Digitalizing textual artifacts already changes their actual bodies beyond recognition. I don't think that we should fetishize these already altered bodies as new, untouchable originals. Messiness does not always inhibit creativity.

All best, Toma

Toma Tasovac 
Center for Digital Humanities (Belgrade, Serbia)
http://humanistika.org95 http://transpoetika.org

--[2]------------------------------------------------------------------------
        Date: Thu, 29 Apr 2010 08:15:06 -0500
        From: Martin Mueller <martin.mueller at mac.com>
        Subject: Re: [Humanist] 23.778 inadequacies of markup
        In-Reply-To: <20100429052452.E6E9451C55 at woodward.joyent.us>

Isn't it also a fact that writing is an "industrial tool" or business technology?  There is widespread agreement that the re-introduction of writing into the Greek world around 800BCE is the result of interaction with Phoenician traders. Some people see the Iliad as having a causative force in the spread of writing. I think it is more likely that the poet(s) of the Iliad used this new technology and that the Iliad, as we now have it, is a different poem for that reason. 

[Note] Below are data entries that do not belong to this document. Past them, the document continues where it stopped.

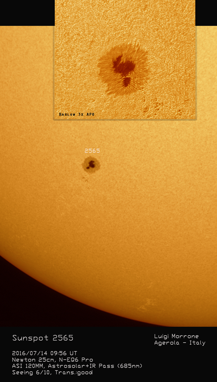 Macchia Solare AR2565 ripresa con Newton 10".Nell’immagine a fuoco diretto si possono osservare le facolae, ovvero regioni di dimensioni contenute, più calde dell’ambiente circostante, quindi più luminose. Il dettaglio, invece, mostra la macchia con la zona d’ombra, la penombra e i filamenti. Evidenti risultano i granuli, ovvero immense sacche di gas che attraverso moti convettivi salgono in superficie e quando raggiungono la fotosfera, diminuiscono la propria temperatura, aumenta la densità e sprofondano di nuovo.
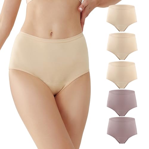 BATTEWA Incontinence Underwear for Women Washable, Leak Proof Underwear High Waist Cotton,Bladder Leakage 50ML (Beige-Blush, Large, 5 Pack)
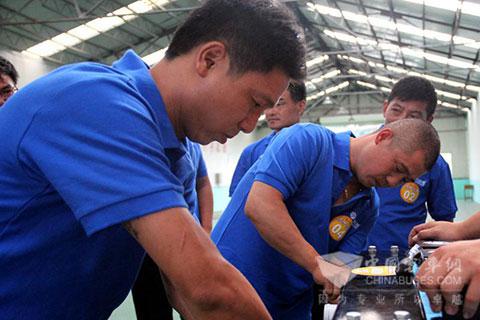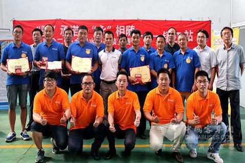 江苏省镇江江天汽运集团有限责任公司汽车修理分公司(下文简称"江天汽修")是驿力科技"驿"诺"永"相随主题活动--全国水箱换装竞赛走过的第7站。在江天汽修的大力支持下,2015年9月2日,镇江赛区活动如期举行并圆满结束。来自江天汽修的五支代表队参加了水箱换装竞赛,他们展示了良好的精神面貌和维修操作技能。最终,鲁秀辉和王中芳组合以2分59秒10的成绩获得镇江赛区第一名,王永生和丁召根组合以3分04秒66的成绩获得第二名,丁鹏飞和武书成组合以3分11秒41的成绩获得第三名。
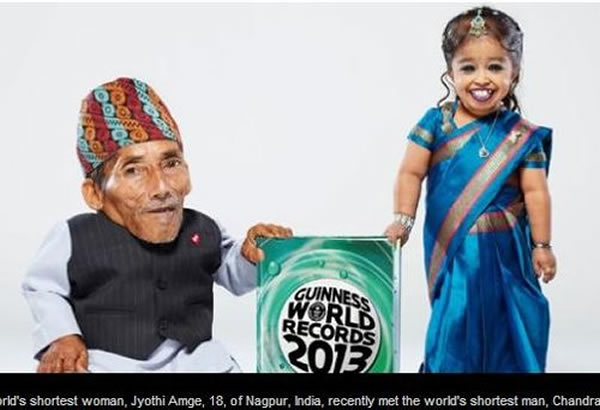 据英国《每日邮报》8月30日报道,为了迎接第57版《吉尼斯世界纪录》问世,世界上最矮的男女——钱德拉·巴哈杜尔·唐吉和乔蒂·阿玛琪近日首次在意大利见面。
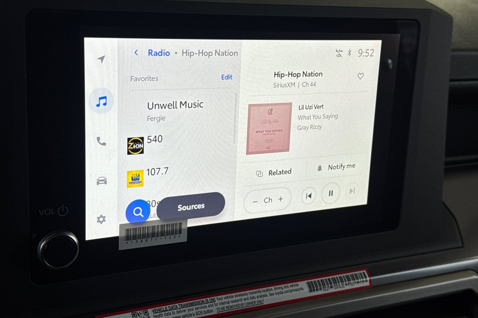 11. Apple CarPlay® requires a compatible iPhone® with an active data plan. Check compatibility at https://www.apple.com/ios/carplay/. Operability depends on network availability, a cellular connection and GPS signal. Services vary by vehicle and are subject to change at any time without notice. Data charges may apply. To learn more, go to https://www.toyota.com/audio-multimedia/. To learn more about Toyota Connected Services data collection, use, sharing and retention practices, please visit https://www.toyota.com/support/privacy-notice/. Apple CarPlay® is a registered trademark of Apple Inc.
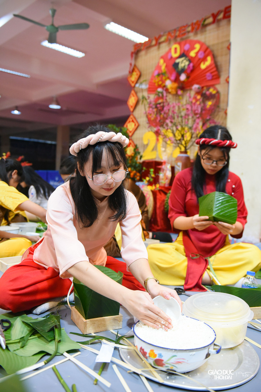| Các bạn học sinh hào hứng vào cuộc thi gói bánh chưng. |
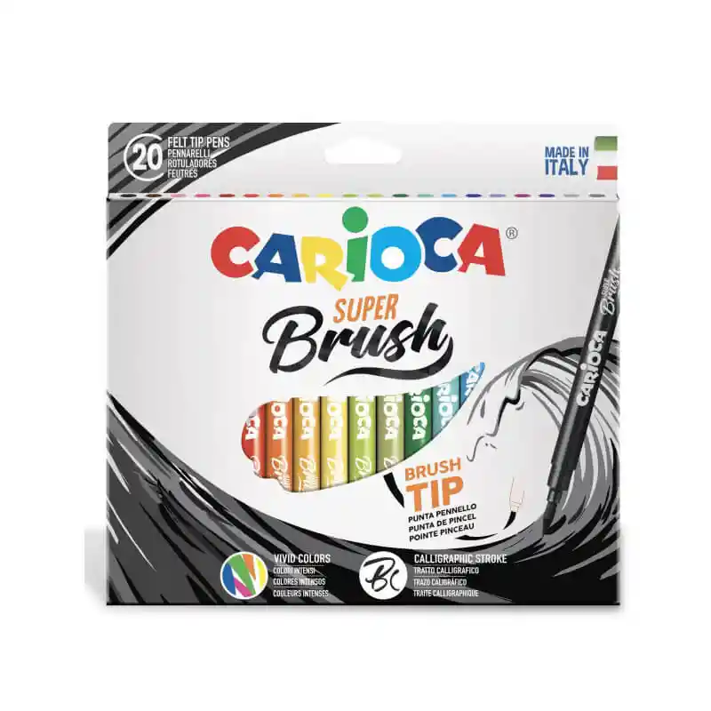 Inicio / Escolar / PLUMONES SUPER BRUSH 20 COLORES PLUMONES SUPER BRUSH 20 COLORES Categoría: Escolar Descripción PLUMONES SUPER BRUSH 20 COLORES Punta pincel, suave y flexible. Ideal para diseños caligráficos. Tinta de larga duración, lavable y no tóxica. Capuchón ventilado anti-asfixia. Medidas plumón: Ø 1 cm, largo 16,5 cm.

When it comes to 'clerical' technologies there is not much point in driving a wedge between humanist and business interests . They have also been inextricably interwoven. Were it not for business, a point Christian Wittern makes well, we would not have thousands of clever people all over the world thinking hard about how to lower the entry barriers for human/machine interaction. Not all of that is benign: there is a lot of dumbing down. But then there has always been a lot of dumbing down. 

I found Desmond Schmidt's article very interesting, especially in its excellent review of the history of the TEI and its choice of SGML for implementation.  But I have two disagreements or questions. First, it may be the case that no text is ever a perfect OHCO. Whenever I think about TEI, I remember the line from Wallace Stevens' Connoisseurs of Chaos': "The squirming facts exceed the squamous mind".  On the other hand, there are a lot  of advantages in treating texts, especially corpora or large numbers of texts that are supposed to be "interoperable" as if they were OHCOs. You lose some on that, but you gain a lot more, and on the trade-off the benefits win. 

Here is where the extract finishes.